Oğlum bugün giyeceği kıyafeti akşamdan ütületip, hazırladı. 18 Mart Çanakkale Zaferi için, arkadaşıyla okulda bir sunum yapacaklar. Okuldan eve gelince, büyük bir heyecanla olup bitenleri anlatacak. Benimde ona anlatacak bir hikayem var. Nede olsa çocuklar fıkra, hikaye, öykü türlerini çok severler. Hele ki uykuya kolay geçmeleri için anlattığımız masallar her çocuk için vazgeçilmezdir. Hoş masalları büyüklerde çok sever. Hele uyutan türdense…
Ey oğul, zamanlardan bir zamanda, mekanlardan bir mekanda, evren denen meçhulün, ismi konmamış bir gezegeninde, bir grup insan hep birlikte bir aile apartmanında yaşarlarmış. Kuru yavan, ekmek soğan, kah birlikte gülerek, ağlanacak vakitte sarılıp ağlayarak olup giderlermiş. Bu ailenin üst balkonu pek kıymetliymiş. Çünkü o balkonda koskoca bir destan yazmış dedeleri… Sağdan soldan, uzaktan yakından toplanıp gelen düşmanlar bir olup balkondan geçerek apartmanı zapdetmeye çabalamışlar. Ama aile büyükleri ne o kalabalıktan, ne toptan tüfekten korkmadan varlarıyla yoklarıyla, imanlarıyla, dualarıyla, her bir ölümün bin diriliş olduğu inancıyla korumuşlar kapıyı, püskürtmüşler kötüyü… O zamandan bu zamana , babadan oğula, anadan kıza bu destan anlatılmış, sadece dilde kalmamış kutlanmış, yadedilmiş, anılmış… Gel zaman, git zaman gelen yeni nesiller bu kutlamalara büyük önem vererek devam etselerde, apartmanın kapısını bacasını, büyük küçük penceresini açık bırakıp, yaşamaya devam etmişler. Kapı pencere açık olunca, elini kolunu sallayan, kimdir nedir belli olmayan, kuzeyden güneyden , doğudan batıdan, uzaktan yakından herkes, ha bire apartmana giriyormuş. Arada bir iki ses “ Kimsiniz? Necisiniz?” diye sormak istesede “misafiriz” diyen geliyormuş… O apartmanda ki kültür kendisi yemez misafire ikram eder, kullanmaya kıyamadığı döşeğini misafirine serermiş. Misafir dediğinde iki gün durur üçüncü gün “müsadenizle” der gidermiş. Bu defa bir şeyler farklıymış, misafirler pek bir sevmişlerki bu binayı yerleşme havasına girmişler. Köşedeki koltuğu, salondaki halıyı, kileri bodrumu boştaysa çatı katı almaya başlamışlar zamanla. Öyle de bir artıyorlarmış ki apartmanlıların bir torunu olurken, misafirler üçer beşer çoğalıyorlarmış.

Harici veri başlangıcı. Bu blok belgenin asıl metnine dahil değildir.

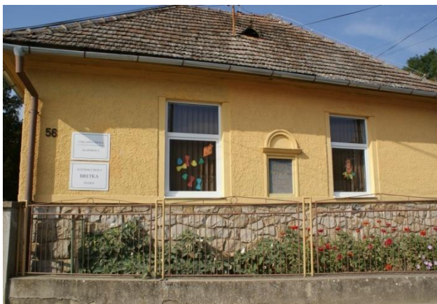
Budova školy a škôky

Na základe analýzy doterajšieho vývoja možno očakávať, že rozvoj vzdelávania sa bude orientovať na skvalitňovanie výchovno – vzdelávacieho procesu.

Biliyorum oğul diyeceksin ki bu apartmandakiler ne yapıyorlarmış , olup bitene ses etmiyorlarmıymış? Büyük çoğunluğu ekmeğinin peşindeymiş. “ Benim karnım doysun, herkesin ne hali varsa görsün” modunda. Bir kısmı kılıç kalkan kuşanıp, televizyon başında tarih dizileri izleyerek, tarih yazabileceğine inanıyormuş. Azınlık bir kısımda oyuna dalmışlar. Mangala oynuyorlarmış. Hani şu “ az çok demeden mümkün olduğunca çok taşı kendi hazinene biriktirme oyunu” …………………………………………………………….
“Neden sustun anlatsana” dediğini duyar gibiyim. Devamını bende bilmiyorum evladım. Devamını o apartmanın gelecek nesilleri yazacak ve yaşayacak. Ben elimin hamuruyla, olmayan sıfatımla, dilimin döndüğüyle, mürekkep yettiğince, görüp anladığımı bu kadar diyebildim.
Bugün bizim yaşadıklarımız yarınlarımızın tarihi ve geleceği olacak.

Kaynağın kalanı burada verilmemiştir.